Demand for psychological services increases after Robin Williams’ death

I lived in San Francisco’s Castro District in the 1980s when AIDS was devastating the community and killing my friends. Robin Williams also lived in The Castro at that time. He responded to the crisis of the pandemic by doing whatever he needed to do to raise money and awareness for local HIV/AIDS agencies and to speak openly about a taboo topic. Robin Williams was a compassionate man who was generous with his time, talent and money.

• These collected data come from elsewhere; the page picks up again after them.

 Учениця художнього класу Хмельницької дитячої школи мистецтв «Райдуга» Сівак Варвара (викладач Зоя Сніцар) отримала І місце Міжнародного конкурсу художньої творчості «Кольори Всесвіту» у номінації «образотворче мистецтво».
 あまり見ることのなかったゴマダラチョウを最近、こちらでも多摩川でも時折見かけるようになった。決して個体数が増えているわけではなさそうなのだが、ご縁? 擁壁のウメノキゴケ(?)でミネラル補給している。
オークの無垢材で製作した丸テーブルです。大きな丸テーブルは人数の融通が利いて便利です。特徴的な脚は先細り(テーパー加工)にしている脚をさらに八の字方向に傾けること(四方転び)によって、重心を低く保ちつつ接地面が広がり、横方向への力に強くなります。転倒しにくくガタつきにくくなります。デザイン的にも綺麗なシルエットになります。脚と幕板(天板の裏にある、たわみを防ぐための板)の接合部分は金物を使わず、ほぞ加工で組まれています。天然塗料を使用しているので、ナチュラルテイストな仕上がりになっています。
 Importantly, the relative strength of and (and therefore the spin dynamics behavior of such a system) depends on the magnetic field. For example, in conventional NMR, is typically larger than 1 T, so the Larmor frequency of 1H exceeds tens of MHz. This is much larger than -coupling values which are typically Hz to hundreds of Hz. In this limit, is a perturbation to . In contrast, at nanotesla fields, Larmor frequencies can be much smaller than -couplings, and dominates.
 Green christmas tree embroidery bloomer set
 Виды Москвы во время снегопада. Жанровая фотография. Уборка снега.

Although it was common knowledge that Williams struggled with mental illness and addiction, it was deeply shocking to hear of his death by suicide on Aug. 11. In a 2006 interview with Terry Gross on the “Fresh Air” NPR radio show, he admitted having bouts of deep depression, although he denied having clinical depression or bipolar disorder. “Do I perform sometimes in a manic style? Yes,” Williams told Gross. “Am I manic all the time? No. Do I get sad? Oh yeah. Does it hit me hard? Oh yeah.”

Suicide, like AIDS, is still a taboo subject. People who live with secret thoughts of suicide are very cautious about when, where and to whom they can express these thoughts. They are afraid of being ridiculed and ostracized, losing their jobs or being institutionalized. The suicide of a famous and well-liked person brings the topic to the forefront. The tragedy creates a demand for discussion and the opportunity for education and dispelling myths.

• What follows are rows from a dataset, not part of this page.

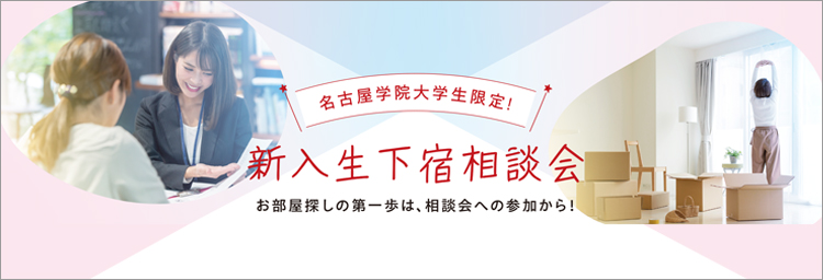 名古屋学院大学の在学生や入学試験合格者(受験生)の皆さんが安心してお部屋探しができるよう、専門の不動産会社4社と提携してキャンパス周辺の物件を紹介しています。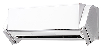 本体センターから出る「冷暖気流」と、「デュアルブラスター」から出る「室温気流」の「温度と速さ」が違うハイブリッド気流の働きによって、室内を快適にする。冷房時は、冷風を直接身体に当てずに緩やかな空気の流れで涼感が得られ、暖房時は温風の上昇を押えて足元を温める。新設計の室内機と圧縮機の効率化によって、7.1kW(主に23畳)クラスで省エネNo.1と高出力暖房を両立した。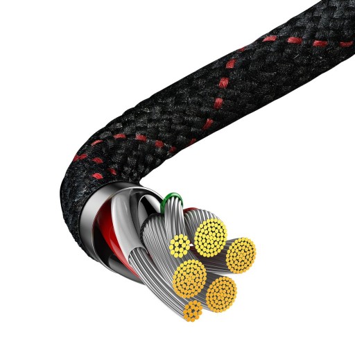Kabel USB z możliwością szybkiego ładowania 100W. Nylonowy oplot kabla sprawia, że jest on przygotowany na bardzo długie użytkowanie. Kabel pozwala na szybkie przesyłanie danych z prędkością do 480Mb/s.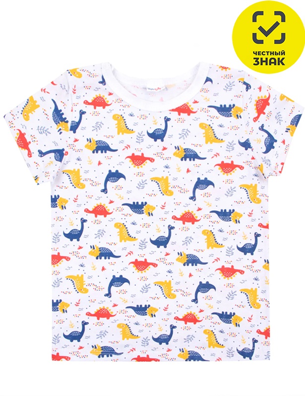 Футболка ясельная из набивного полотна, короткие втачные рукава, округлый вырез горловины, окантованный бейкой из основного полотна, застежка по плечу на кнопки.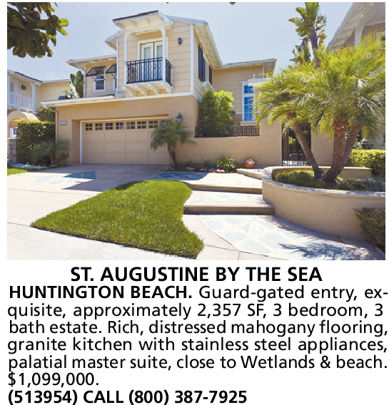 ST. AUGUSTINE BY THE SEA HUNTINGTON BEACH. Guard-gated entry, exquisite, approximately 2,357 SF, 3 bedroom, 3 bath estate. Rich, distressed mahogany flooring, granite kitchen with stainless steel appliances, palatial master suite, close to Wetlands & beach. $1,099,000. (513954) CALL (800) 387-7925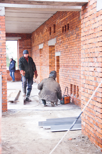 Главный инженер подрядной организации Александр Монин рассказал, что работы идут динамично, строго по графику, местами - с небольшим опережением. На объекте сегодня заняты порядка 40 человек: 4 бригады каменщиков, плотники, бетонщики, сантехники и электрики. Как только завершится кладка стен, на смену каменщикам будут привлечены другие специалисты.

Almost immediately after the news of Williams’ death, we witnessed the usual bizarre social media frenzy and sometimes sensational, uninformed and callous news reporting. We know that inappropriate messages about suicide deaths can trigger others to attempt suicide. But we also saw the power of the Internet to provide positive, compassionate and informed messages about suicide and mental illness. The number for the National Suicide Prevention Lifeline, 1-800-273-8255 (TALK), was posted on mental health sites, as well as on personal pages. People felt inspired to share, on their own blogs and social media accounts, vulnerable, often raw, personal stories about their struggles with suicide, suicide-caused grief and mental illness.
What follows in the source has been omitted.